Data Protection Officer (DPO) Certification: EU regulation is needed

Over the last few months there has been a lively debate on the role of the Data Protection Officer and of those working in the field of privacy and data protection, as well as on whether they must be certified.

In Italy, in addition to some proprietary schemes concerning the DPO, such as the CEPAS/Bureau Veritas one, the Italian Standardisation Organization UNI -Ente nazionale italiano di unificazione is working in order to establish a technical standard UNI/UNINFO Non-regulated professional activities – Professional profiles related to Personal Data Processing and Protection – Requirements for knowledge, skills, competence” which defines profiles and skills of professionals working in the field of Personal Data Processing and Personal Data Protection.

In Spain, the Spanish Data Protection and Privacy Authority Agencia Española de Protección de Datos (AEPD) presented a certification scheme for Data Protection Officers, developed together with the Spanish National Standardisation Body ENAC.

Even if the participation in these schemes is and will be voluntary, they are seen as a point of reference providing the market with the minimum contents and information that a certification process shall have in order to be a guarantee of the professional qualifications and skills of the Data Protection Officers of the future.

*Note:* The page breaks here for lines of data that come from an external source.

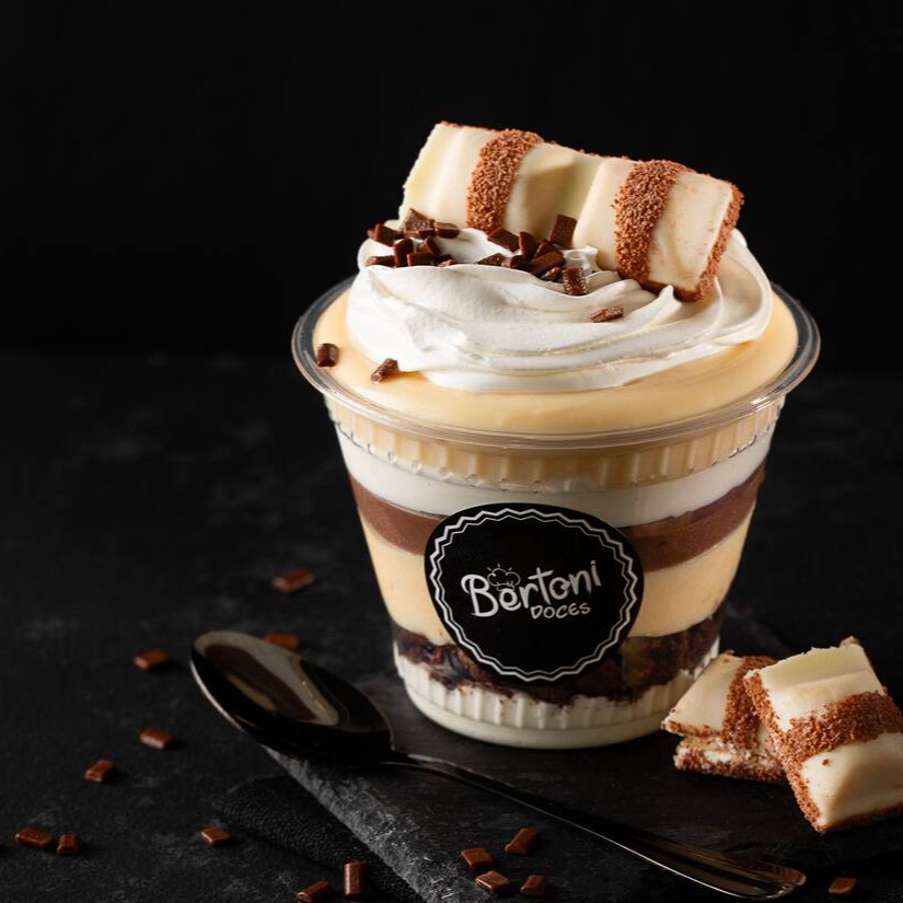 Mousse de Ninho suave, creme de Ninho, Ouro Branco picado, finalizado com ganache de chocolate nobre, meio bombom, e risquinhos de chocolate branco. Novo tamanho: 250g Obs.: a Bertoni Doces não altera nenhum produto ou retira/adiciona ingrediente.
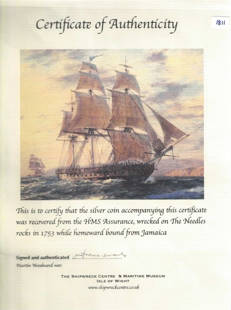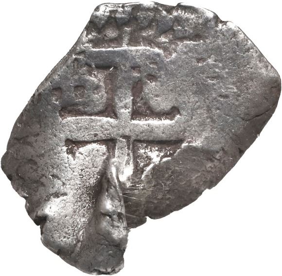 BOLIVIA, Potosí, cob ½ real, 1745, NGC F details / bent (Shipwreck Blue Label). S-P50; KM-27a; Cal-321. 2.14 grams. Rather thick and overweight piece with edge damage and bend, partial monogram with date just visible below, decent cross, scarce provenance. With original certificate from the salvor. Recovered from: HMS Assurance, sunk in 1753 off Isle of Wight, south of England
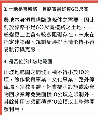 因此民眾有意辦理土地變更使用的話,可以先檢視農地位置及條件是否屬於上述情況,意即農地在非環境敏感區、非特定農業區、有臨路且路寬達到6公尺寬、未位於山坡地範圍(或3級坡以內),才具備變更的基礎條件,否則開發規劃上將受到諸多限制

Nevertheless, the DPO role should be seen at an EU-level and for this reason companies expect requirements and qualifications to be uniform in all the EU Members States without any different national schemes, this being at odds with the spirit of the reform.

As the WP29 (which will be called in the future European Data Protection Board EDPB) shall ensure a coherent application of the Privacy Regulation (EU) 2016/679, so we can hope that the European Committee for Standardisation in cooperation with the EDPB develops a standard EN on the Data Protection Officers.

As a matter of fact, I remember that the standards EN have to be transposed by the CEN Member States and in Italy their abbreviation becomes UNI EN. The purpose of these rules is to standardise the technical regulations all over Europe, and the existence of national rules which are not consistent with these standards is therefore not allowed.

The formalisation of a standard EN would hence be an effective vehicle to standardise criteria, qualifications and skills of the Data Protection Officers and of those working with them in this field at European level: the same philosophy of the General Data Protection Regulation GDPR.